©1997

Arthur Warmoth

Psychology Department

Sonoma State University

Every five years, the CSU requirement for a Program Review Self Study provokes a discussion of the Psychology Department’s grading practices within the faculty. While we were not dissatisfied with the outcomes of this year’s discussion, we were reminded that letter grades, and particularly the GPA, are deeply flawed statistics. Furthermore, the assumptions behind these methodological flaws are so deeply ingrained in academic culture that otherwise quite sophisticated social scientists fail to see them.

Individually and together, we have from time to time, in various contexts, addressed these flaws. We believe that they lead to consequences which do a disservice to the department and to the individual users of grades as statistical information, that is, to students (and their families), graduate schools, and employers. The disservice to the department derives from invidious comparisons of grading practices that are based on untenable and oversimplified interpretations of the measurement and evaluation issues involved. The disservice to individual users can include a very poor quality of information relative to the purpose for which evaluative information is needed. Furthermore, a spurious appearance of quantitative precision can be given to decisions which are essentially random, or even arbitrary and capricious.

It is not our intent in this paper to present a fully developed alternative approach. However, we find ourselves in an era where technology permits highly sophisticated techniques for processing complex information. This in turn requires the average educated citizen, not to mention the average academic, to become a more sophisticated information manager. By focusing on the statistical flaws in our customary grading practices, and by inviting participation in the development of a more methodologically sound approach to evaluation, we hope to engage both our colleagues and our students to become more knowledgeable interpreters and managers of basic social science data.

There are three basic methodological problems with the use of letter grades as the universal statistic for measuring academic achievement:

We will address each of these issues in turn. We will then briefly explore a philosophy of "criterion references grading" which we believe offers the possibility of grading practices that are more accurate, fair, and rich in informational content.1. They encourage the comparison in quantitative terms of variables that are comparable only at the basic level of qualitative measurements. 2. They are therefore subject to inappropriate methodological manipulation, thus creating a spurious appearance of quantitative accuracy.

3. They are therefore also subject to untenable assumptions about the appropriate distribution of grades, or grading curve, that should be expected from the grading process

One of the first things that a student in a statistics or research methodology class learns is that all measurements are not alike. With some measuring systems the numbers merely stand for different classifications, e.g., codes for medical diagnostic categories. With such "nominal" data, the only appropriate average is the mode or most common score.

Some measuring systems arrange objects or people into ranks or categories that have a relative order. The difference between categories is not reliable, but the order of the categories is fixed. Examples include military ranks and rating scales. With such "ordinal" data, one can use the median or middle score as an average in addition to the mode.

Some measuring systems arrange objects or people into equally spaced categories. Here the distance between two objects at the bottom of the scale is equal to the same distance between two objects at the top of the scale. Examples include relative humidity, specific gravity and temperature on a centigrade thermometer. With such "interval" data, one may appropriately calculate an arithmetic mean as well as a median and a mode.

The most sophisticated and reliable measuring systems have all the properties of an interval scale (above) as well as a true zero point. Examples include length, weight and temperature on a Kelvin thermometer. With such "ratio" data, one may appropriately calculate a harmonic mean as well as an arithmetic mean, a median and a mode.

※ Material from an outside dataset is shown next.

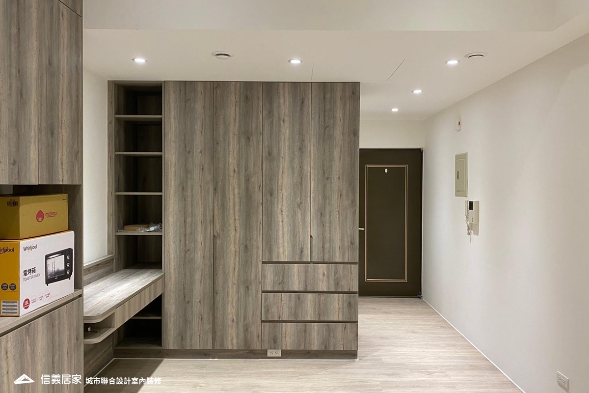 城市工程設計建議,坪數不大的建物應避免過多的色系造成視覺凌亂,簡單白牆設置兩座頂天的系統收納櫃,系統櫃外觀採櫟木皮呈現爽朗乾淨,並在床頭中央取開放的設計,適合睡前置放眼鏡、水杯或書籍等小物,滿足夫妻不同的需求。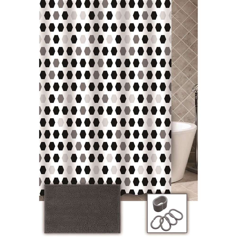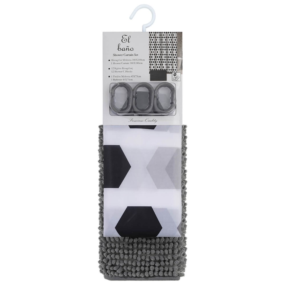 Σέτ Κουρτίνα 180x180cm Ταπέτο Μπάνιου 45x75cm Hexagon

The type of measuring system that describes a particular property is the result of both the way that the property is measured and the intrinsic character of the quality itself. For example, no matter how careful and sophisticated the measuring technique, medical diagnostic categories will always be nominal data.

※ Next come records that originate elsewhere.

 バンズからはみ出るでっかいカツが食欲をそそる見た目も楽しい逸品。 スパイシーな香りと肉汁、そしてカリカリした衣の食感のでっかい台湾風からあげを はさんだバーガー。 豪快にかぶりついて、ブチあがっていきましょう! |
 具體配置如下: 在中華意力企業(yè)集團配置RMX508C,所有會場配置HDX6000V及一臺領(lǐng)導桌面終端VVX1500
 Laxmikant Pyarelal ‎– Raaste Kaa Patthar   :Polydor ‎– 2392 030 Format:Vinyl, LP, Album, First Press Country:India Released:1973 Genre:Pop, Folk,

This limitation clearly applies even to the comparison of students within a department. For example, within the psychology curriculum, we have identified three separate areas of knowledge and skills that are relevant to the major:

While each of these areas is important to success within the major, they are very difficult to compare or equate in any statistically meaningful way.1. Academic knowledge and skills: mastery of the theory and research base of those aspects of psychology appropriate to the students (sic) goals. Ability to integrate and use this knowledge. Ability to communicate the student’s knowledge both orally and in writing. 2. Process knowledge and skills: These skills include (but are not limited to): Communication & listening skills, group process skills (participation & facilitation), biofeedback training, collaborative learning skills, project management skills, and creative expression & facilitation.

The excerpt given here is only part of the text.